Vous imaginez bien que cette proposition de loi n'a pas été rédigée sur un coin de table : au contraire, elle a été élaborée avec le concours de juristes. Cela dit, rien ne nous empêche de discuter ses termes ; c'est même pour cette raison que nous sommes là. Ce débat nous intéresse d'autant plus que nous n'avons pas l'ambition de modifier seuls notre Constitution. C'est tout l'intérêt de la délibération parlementaire que de pouvoir affirmer des objections et de débattre de chaque terme d'un texte. Je remercie donc celles et ceux qui ont déposé des amendements à notre proposition de loi.
Aux autres, à qui celle-ci ne convient pas, je souhaite demander ce qu'ils ont à dire sur la sécurité sociale. Un débat à ce sujet me paraît nécessaire, d'autant plus que nous peinons à l'ouvrir dans le cours ordinaire de nos travaux. Après une bataille des retraites qui a laissé des traces, efforçons-nous d'échanger nos visions de la sécurité sociale et les ambitions que nous formulons à son endroit.
Pour certains, la définition de la sécurité sociale que nous proposons est trop large, mais je pense qu'une définition plus précise m'aurait valu le reproche inverse. Des deux possibilités qui s'offraient à nous, rédiger un article assez long, détaillant un certain nombre d'éléments ou rédiger un article aussi concis que possible pour ne s'en tenir qu'aux principes, nous avons retenu la deuxième. Celle-ci nous semblait la meilleure et bien qu'il soit possible de préciser encore notre définition, j'appelle votre attention sur le fait que le choix que nous avons fait laisse aux députés la latitude d'écrire la loi.
Nos divergences portent également sur le fond, ce que je déduis des différentes prises de parole dans la discussion générale. Certains veulent discuter les termes de la proposition de loi, notamment la formule « à chacun selon ses moyens, à chacun selon ses besoins », qui n'apparaît ni dans la Constitution ni dans le bloc de constitutionnalité. S'il fallait la remettre en cause, nous devrions à tout le moins en discuter.
J'ai évoqué le bloc de constitutionnalité, qui n'évoque pas la sécurité sociale en tant que telle, mais des principes qui s'y rapportent. Nous considérons que des précisions s'imposent et que les interprétations successives du droit nous invitent à consolider la base juridique de la sécurité sociale.

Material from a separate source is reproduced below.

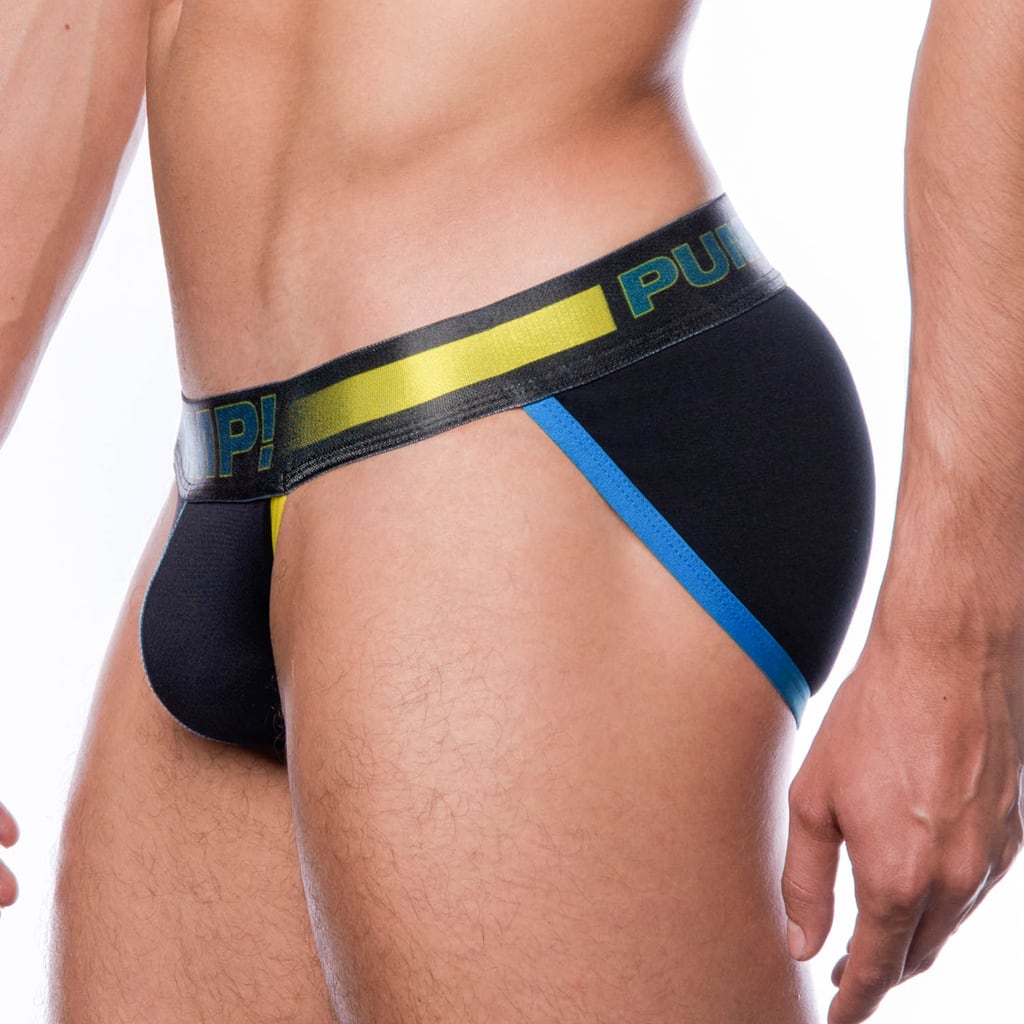 De PLAY - SideCut Brief is een comfortabele kleurrijke tanga slip van PUMP! Uitgevoerd in het zwart met een brede tailleband van 4,5cm voor een comfortabele fit, zodat de brief comfortabel blijft zitten. De achterzijde van de tanga slip is gemaakt van een zachte rekbare microfiber gemaakt van nylon en geeft de benodigde support en ondersteuning aan de billen. De cup is gemaakt van een micro mesh tevens van nylon en afgewerkt met blauwe contrast stiksels en belijning in de kleur geel. Met deze tanga slip heb je volledige bewegingsvrijheid en kun je dus ongeremd bewegen! Daarnaast drijft de Sidecut Brief ook nog eens perfect vocht af doordat deze gemaakt is van microfiber, ideaal voor het sporten! Dus laat het spel beginnen met de PLAY SideCut Brief!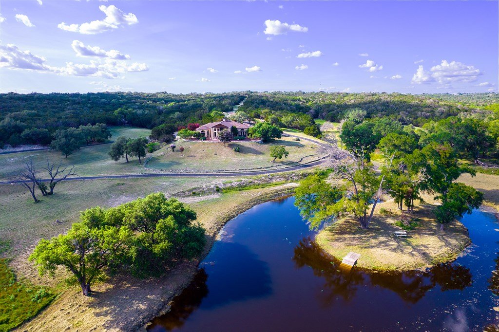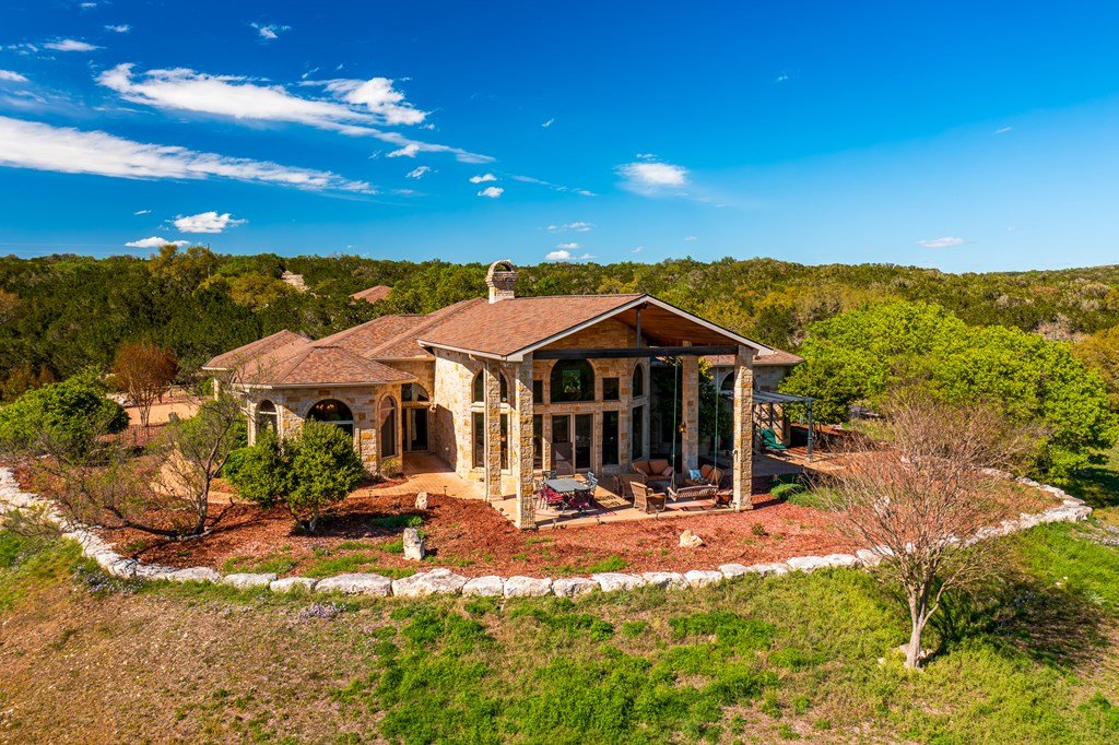 AG Exempt! Rambling Creek Ranch is a picturesque 203.21 acre property nestled in the captivating Hill Country landscape, just 20 minutes northeast of Downtown Kerrville. Abundant wildlife, stocked pond, and a stunning native stone home with cedar ceilings, gas fireplace, and floor-ceiling windows. Double master suites, two guest suites, and additional features like an office, gourmet kitchen, utility room, and garages. Partly wooded with oak and elm trees, high-fenced on 2 sides, and offers breathtaking views and building opportunities. The ranch's prime location and unparalleled features makes it an ideal place to gather with family and friends for endless outdoor adventures with excellent hunting away from the city. Rambling Creek Ranch is a rare opportunity to own a piece of the Texas Hill Country's natural beauty.

Je comprends enfin votre embarras à voter contre la constitutionnalisation de la sécurité sociale. Je verrais d'ailleurs un problème à ce que vous n'en exprimiez pas et pourrais alors supposer l'existence de projets avec lesquels notre proposition de loi est incompatible. Si tel est le cas, discutons-en : c'est à mes yeux une exigence démocratique, à laquelle il est maintenant opportun de répondre.
Nous estimons que la protection sociale est insuffisante et nous souhaitons rendre aux droits sociaux, bien souvent sous-interprétés par le juge constitutionnel, leur juste place.
Monsieur le ministre, je vous invite à donner sa chance à notre proposition. Bien sûr, nous ne prétendons pas la présenter dans sa rédaction définitive : c'est à l'issue du parcours parlementaire que celle-ci sera trouvée et qu'une définition partagée de la sécurité sociale pourra être donnée. Nous ne devrions pas renoncer à un tel objectif, de sorte que je vous appelle à poursuivre et à faire prospérer cette discussion.